We expect this ratio to shift to 60/40 by 2027, but the human elements will become more valuable, not less. 

As a result of our AI efficiency gains over the last two years, we started piloting a four-day workweek in 2023.

As a result, our company culture, client retention, and department KPIs are stronger than ever. 

The lesson for management?

Build AI usage into your org’s KPIs, appoint internal champions, create learning paths, and reward and recharge your team with the time saved. 

9. Search isn’t a platform – it’s a behavior that’s fracturing across interfaces

SEO is no longer about gaming keywords; it’s about earning authority that algorithms recognize universally. 

Let’s all take a deep breath and remind ourselves: content marketing is an advanced skillset that has driven visibility across most of the platforms that emerged over the last decade. 

After all, the most effective SEOs have always focused on producing fresh, educational, data-driven content, which:

  • Drives qualified brand traffic and engagement.
  • Builds authority.
  • Achieves cross-channel brand visibility. 

Today, these strategies have all been proven to elevate brand visibility in organic SERPs, LLMs, SGEs, and AI Overviews. 

Bar graph showing strategies prioritized to offset AI's impact on organic traffic.
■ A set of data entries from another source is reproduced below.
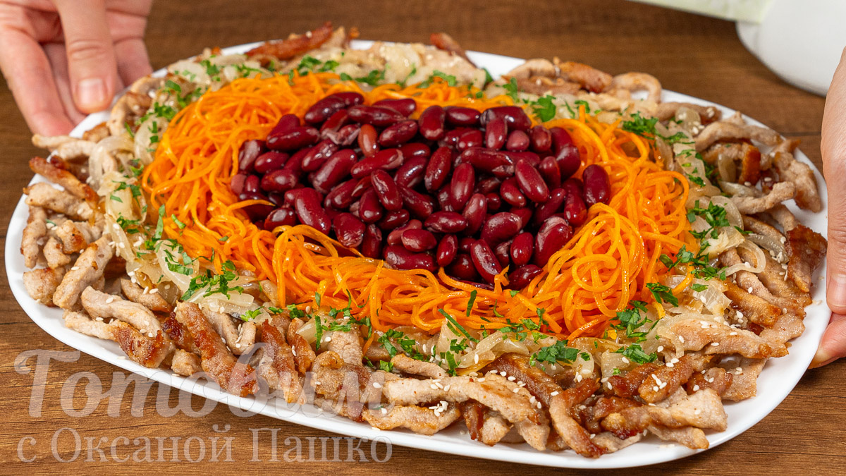 4. Для сборки салата на плоское блюдо выкладывается мясо, обжаренный лук и морковь по-корейски. В центре помещается консервированная фасоль, предварительно промытая под проточной водой. Завершающим аккордом станет посыпка кунжутными семечками и нарезанной петрушкой.
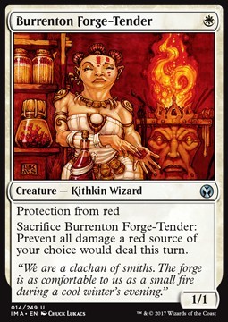 Sacrifice Burrenton Forge-Tender: Prevent all damage a red source of your choice would deal this turn.
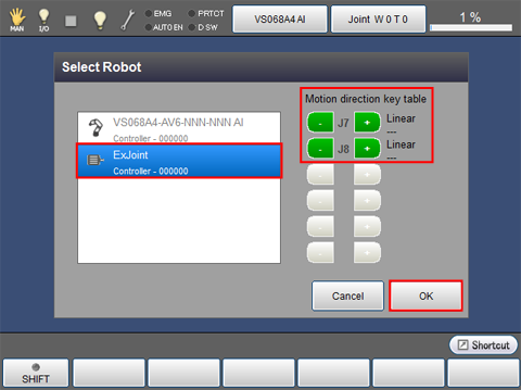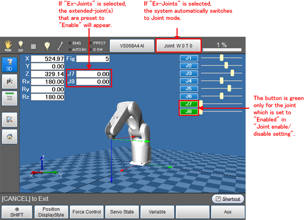 - Without displaying this window, you can operate the extended-joints manually.
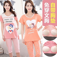 自带胸垫睡衣女夏天纯棉短袖卡通免穿文胸bra一体韩版家居服套装
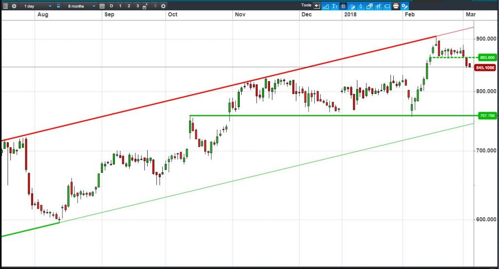 • Will the price rise towards highs of 900p (+6.5%)? or;
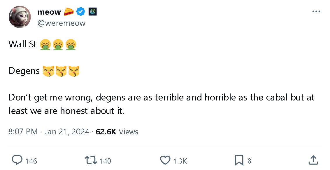 Meow:而且我想说,你也可以成为一个 Degen。我不会说,任何一名 Degen 比华尔街更好,毕竟他们都一样。
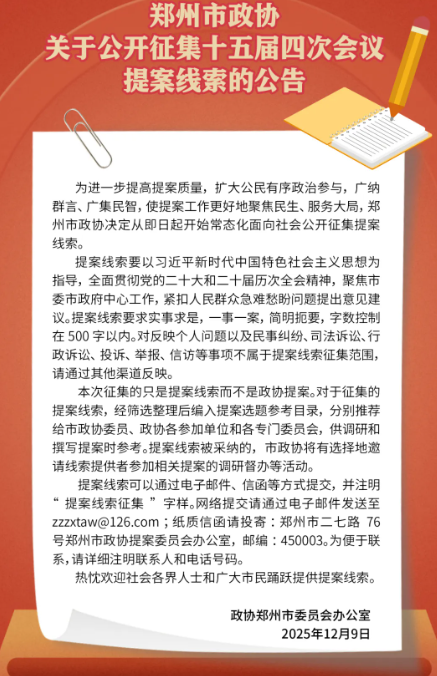 为进一步提高提案质量,扩大公民有序政治参与,广纳群言、广集民智,使提案工作更好地聚焦民生、服务大局,郑州市政协决定从即日起开始常态化面向社会公开征集提案线索。
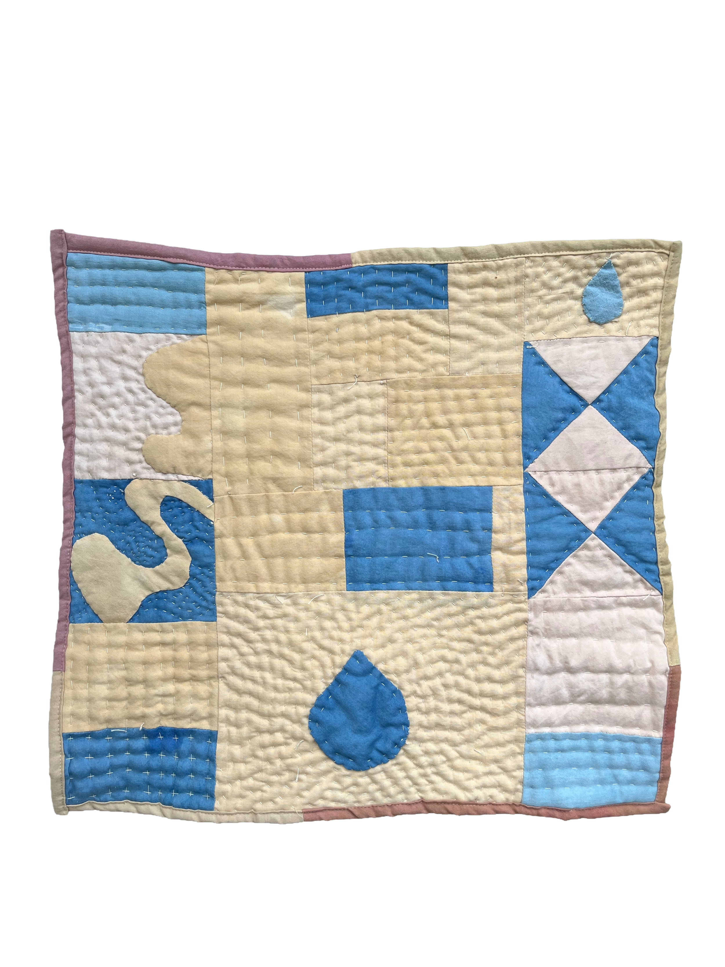 Machine-pieced and Hand-quilted with repurposed fabrics dyed with indigo, curly dock, cochineal We are made from and shaped by water, flowing through our bodies. It is cyclical and enduring and shared by all life. What changes when we treat water as creator rather than resource?
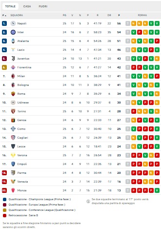Colpaccio in ottica corsa salvezza del Como che vince 2-0 sul campo della Fiorentina. Battuta d'arresto importante invece per gli uomini di Raffaele Palladino che restano fermi a quota 42 al sesto posto, con però Milan e Bologna distanti ora solo un punto e con una partita da recuperare. Di segujito la classifica di Serie A aggiornata.
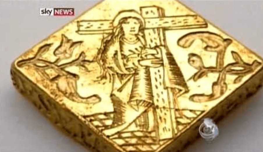 Skatten vägde 8,68 gram, var 73 procent guld och hade en gravyr av Jungfru Maria som håller ett kors.
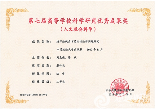 2015年12月10日,《海洋法视角下的北极法律问题研究》获得教育部第七届高等学校科学研究优秀成果奖(人文社会科学)三等奖。
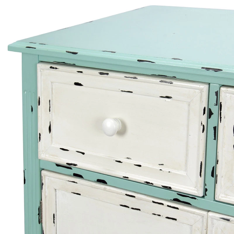 Organic-inspired distressed blue and cream finish wood 2 cabinet, white lateral drawers above butted doors, knob pull, and light blue overhang top, frame and cabriole legs.
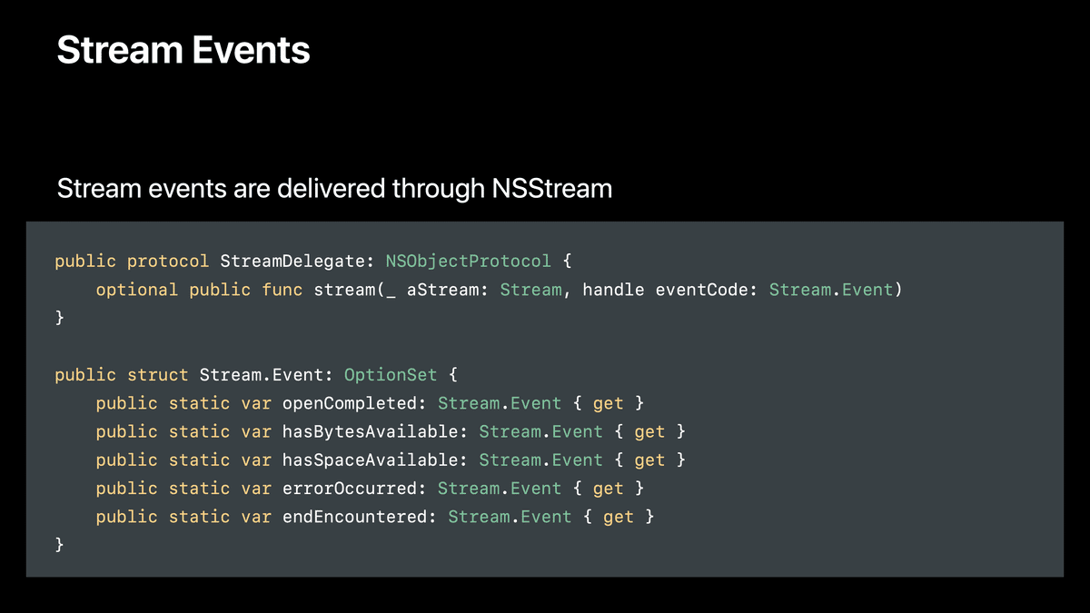 So we use all the same stream events that you would get off of, say, a socket after you're connected, and there's bytes available to be read.

Social media presence is the top priority.

We’re not watching the death of search. 

We’re watching the convergence of channels – search, social, AI – all optimized by the same core signals:

  • Authority (citations and mentions).
  • Originality (first-party research and insights).
  • Trust (consistency across platforms and personas).

Digital PR and brand visibility are now essential LLM inputs. 

The same tactics that earn coverage, backlinks, and social engagement also improve your odds in AI summaries and SERP overviews. 

If you can master this convergence, you’ll win on Google, ChatGPT, TikTok, and whatever fractures emerge next.

Remember : the fractures aren’t the problem, they’re the opportunity. 

But only if you stop treating them like separate games and start building the credibility that works across all of them.

Methodology : We surveyed 2,302 U.S. adults and 810 marketers in May 2025 to explore how attitudes and behaviors around AI vary across consumers and marketing professionals. Marketer responses were drawn from a balanced sample, ensuring all referenced subgroups comprised at least 10% of the total sample.